The protrusion pin operating unit 41 of the protrusion pin pushing device 31 is such that the distance from the support shaft 44 of the arm member 43 to the contact portion 43d with the protrusion pin 33 at the other end 43b is the same as the operation pin 32 at the one end 43a. Since the distance to the contact surface 43c is larger than the distance of movement of the operating pin 32, that is, the amount of movement of the protruding pin 33 due to the pressing of the arm member 43, the amount of movement of the operating pin 32 is larger. The pin 33 moves relative to the ejector plate 14 toward the fixed product surface 2a. Accordingly, the tip 32b of the operating pin 32 abuts against the abutting surface 43c of the one end 43a of the arm member 43 while the ejector plate 14 is projecting forward, and when the pressing starts, the projecting pin 33 fixes the inside of the outer sleeve pin 34. It moves to the side product surface 2a side and protrudes from the tip opening of the sleeve pin 34. As a result, the protruding pin 33 is initially moved at the same speed as the sleeve pin 34 and the other ejector pins 20, but is accelerated halfway and is ejected vigorously at a higher speed than the sleeve pin 34 and the ejector pins 20. At the same time, the amount of protrusion from the movable product surface 12a is also larger than the sleeve pin 34 and the other ejector pins 20, so that the molded product W is urged from the movable template 12 in a constant posture slightly inclined at a predetermined angle. It can be released and fall down to a certain place by drawing a predetermined trajectory. Here, since the protruding pins 33 are provided in a pair corresponding to the left and right two positions below the molded product W, the molded product W can be dropped in a fixed posture with balanced left and right. Therefore, in conjunction with the movement of the ejector plate 14, the molded product W can be always dropped in a fixed position in a fixed posture without being scattered around the periphery, so that the appearance surface can be prevented from being damaged by contact or the like. Since the appearance-oriented molded product W can be taken out by natural dropping, the molding cycle time is shortened compared to the case of a push-up by an unloader or an air cylinder.

  In addition, in the protruding pin operating unit 41, the ejector plate 14 starts moving forward by changing the length of the operating pin 32 and adjusting the distance between the one end 43a of the arm member 43 and the tip 32b of the operating pin 32. It is possible to easily adjust and change the optimum time and timing until the protruding pin 33 starts to move relative to the ejector plate 14. Then, by changing the ratio of the distance from the support shaft 44 to the one end 43a of the arm member 43 and the distance from the support shaft 44 to the other end 43b, the projection pin 33 is moved relative to the movement amount of the operating pin 32, that is, the ejector plate 14. By changing the amplification factor of the movement amount, the acceleration and the protrusion amount of the protruding pin 33 can be made to be optimum values, and the molded product W can be dropped in an arbitrary posture and in an arbitrary locus.

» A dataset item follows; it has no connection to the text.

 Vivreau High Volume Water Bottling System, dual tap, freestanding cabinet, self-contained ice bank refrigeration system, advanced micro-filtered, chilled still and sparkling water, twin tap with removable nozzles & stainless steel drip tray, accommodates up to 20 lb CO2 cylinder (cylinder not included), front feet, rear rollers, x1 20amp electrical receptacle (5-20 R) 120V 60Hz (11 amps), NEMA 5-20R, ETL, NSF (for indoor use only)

Further, since the protruding pin extrusion device 31 is housed in the movable mold 11, it is reliably prevented from being deformed or damaged by contact with an external object or peripheral devices, and is safe. It is protected in the movable mold 11.
And since the protrusion pin operation | movement unit 41 is comprised by the arm member 43 grade | etc., While being able to form compactly with a simple structure, the protrusion pin extrusion apparatus 31 uses a spread product as the operation pin 32 or the protrusion pin 33. Can also be manufactured at low cost.
Furthermore, since the protruding pin extrusion device 31 operates in conjunction with the movement of the ejector plate 14, no power source is required.
In addition, since the protruding pin extrusion device 31 is simply configured by the arm member 43 that operates mechanically, it always operates stably.
Further, since a square hole 32c having a hexagonal cross section is formed in the axial direction at the tip 32b of the operating pin 32, it is movable without removing the protruding pin operating unit 41, the movable side mounting plate 13, the ejector plate 14 and the like at all. The tip of the hexagon wrench is inserted into the square hole 32c of the operating pin 32 through the insertion hole 42b of the base body 42 of the projecting pin operating unit 41 from the outside of the side mounting plate 13, that is, the lower side. It can be easily removed from the lower surface of the template 12.

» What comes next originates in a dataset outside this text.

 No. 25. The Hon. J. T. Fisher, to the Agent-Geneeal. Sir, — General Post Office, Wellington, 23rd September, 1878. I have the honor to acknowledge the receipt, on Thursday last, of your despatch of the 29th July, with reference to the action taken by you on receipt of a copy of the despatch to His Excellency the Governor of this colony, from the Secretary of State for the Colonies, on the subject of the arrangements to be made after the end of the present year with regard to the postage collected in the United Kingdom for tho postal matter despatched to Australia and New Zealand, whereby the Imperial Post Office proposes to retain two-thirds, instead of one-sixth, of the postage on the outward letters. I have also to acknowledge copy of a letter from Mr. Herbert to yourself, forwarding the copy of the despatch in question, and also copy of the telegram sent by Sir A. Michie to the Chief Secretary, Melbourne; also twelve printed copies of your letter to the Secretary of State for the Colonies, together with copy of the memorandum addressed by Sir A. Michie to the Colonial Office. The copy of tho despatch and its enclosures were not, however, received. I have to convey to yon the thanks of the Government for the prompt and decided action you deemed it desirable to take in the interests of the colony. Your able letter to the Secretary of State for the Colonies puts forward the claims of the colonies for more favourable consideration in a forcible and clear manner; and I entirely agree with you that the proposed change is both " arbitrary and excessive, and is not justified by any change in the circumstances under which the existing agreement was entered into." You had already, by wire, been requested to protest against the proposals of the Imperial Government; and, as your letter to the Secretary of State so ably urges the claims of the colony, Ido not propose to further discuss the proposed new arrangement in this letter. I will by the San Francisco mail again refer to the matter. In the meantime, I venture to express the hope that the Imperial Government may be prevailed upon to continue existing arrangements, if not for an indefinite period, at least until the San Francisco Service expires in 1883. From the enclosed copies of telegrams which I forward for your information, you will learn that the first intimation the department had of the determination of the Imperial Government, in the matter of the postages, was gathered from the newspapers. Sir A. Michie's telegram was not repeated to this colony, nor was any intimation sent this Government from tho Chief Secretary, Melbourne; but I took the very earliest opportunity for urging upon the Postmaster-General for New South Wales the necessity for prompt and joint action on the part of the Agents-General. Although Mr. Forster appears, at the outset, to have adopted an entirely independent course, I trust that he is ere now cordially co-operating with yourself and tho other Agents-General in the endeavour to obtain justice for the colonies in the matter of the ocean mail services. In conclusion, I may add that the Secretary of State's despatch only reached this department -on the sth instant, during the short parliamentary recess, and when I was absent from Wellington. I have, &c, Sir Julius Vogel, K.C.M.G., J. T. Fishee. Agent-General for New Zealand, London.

  Furthermore, the protrusion pin extrusion device 31 and the protrusion pin operating unit 41 can be attached to the ejector plate 14 from the outside through the relief holes 13b provided in the movable side attachment plate 13, and can be easily performed externally. it can. Moreover, when removing for inspection, repair, renewal, etc., it is also possible to carry out easily from the outside of the escape hole 13b of the movable side mounting plate 13 or the like. Accordingly, the movable side mold 11 can be attached and removed in a short time without greatly disassembling. Then, by simply removing the operating pin 32 by inserting the tip of the hexagon wrench into the square hole 32c of the tip 32b and turning as described above, the molded product W can be taken out by protruding only the conventional ejector pin. It can also be performed, and can be easily switched to the conventional movable mold 11. Therefore, the movable side mold 11 according to the present invention and the conventional movable side mold 11 can be arbitrarily selected according to the molded product W, and can be easily switched and used.

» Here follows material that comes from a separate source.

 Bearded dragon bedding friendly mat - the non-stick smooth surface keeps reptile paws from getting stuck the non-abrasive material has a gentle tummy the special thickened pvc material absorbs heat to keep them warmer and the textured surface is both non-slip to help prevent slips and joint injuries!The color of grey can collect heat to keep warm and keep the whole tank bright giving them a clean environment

Since the projecting pin 33 can be attached to a place arbitrarily selected from the attachment setting places of the plurality of ejector pins 20, the sleeve pin 34 and the projecting pin 33 can be easily used by using the through hole of the ejector pin 20. Can be attached to the ejector plate 14, and the molded product W can be dropped in an optimal protruding state.
In addition, since the limit switch 46 for detecting that the protruding pin 33 has returned to the position before the protrusion is provided, the mold or the protruding pin is not moved by the next mold closing without the protruding pin 33 being completely returned. It is possible to reliably prevent 33 from being damaged.

  By the way, in the said embodiment, although the protrusion pin 33 is provided in two right and left corresponding to the lower two places of the molded article W, when implementing this invention, it is not limited to this number and position. What is necessary is just to set suitably according to the shape of the molded article W, etc. For example, it may be provided corresponding to a total of four locations, two at each of the upper and lower portions of the molded product W. Further, the protruding timing, the protruding speed, the protruding amount, and the like may be different between the protruding pins 33.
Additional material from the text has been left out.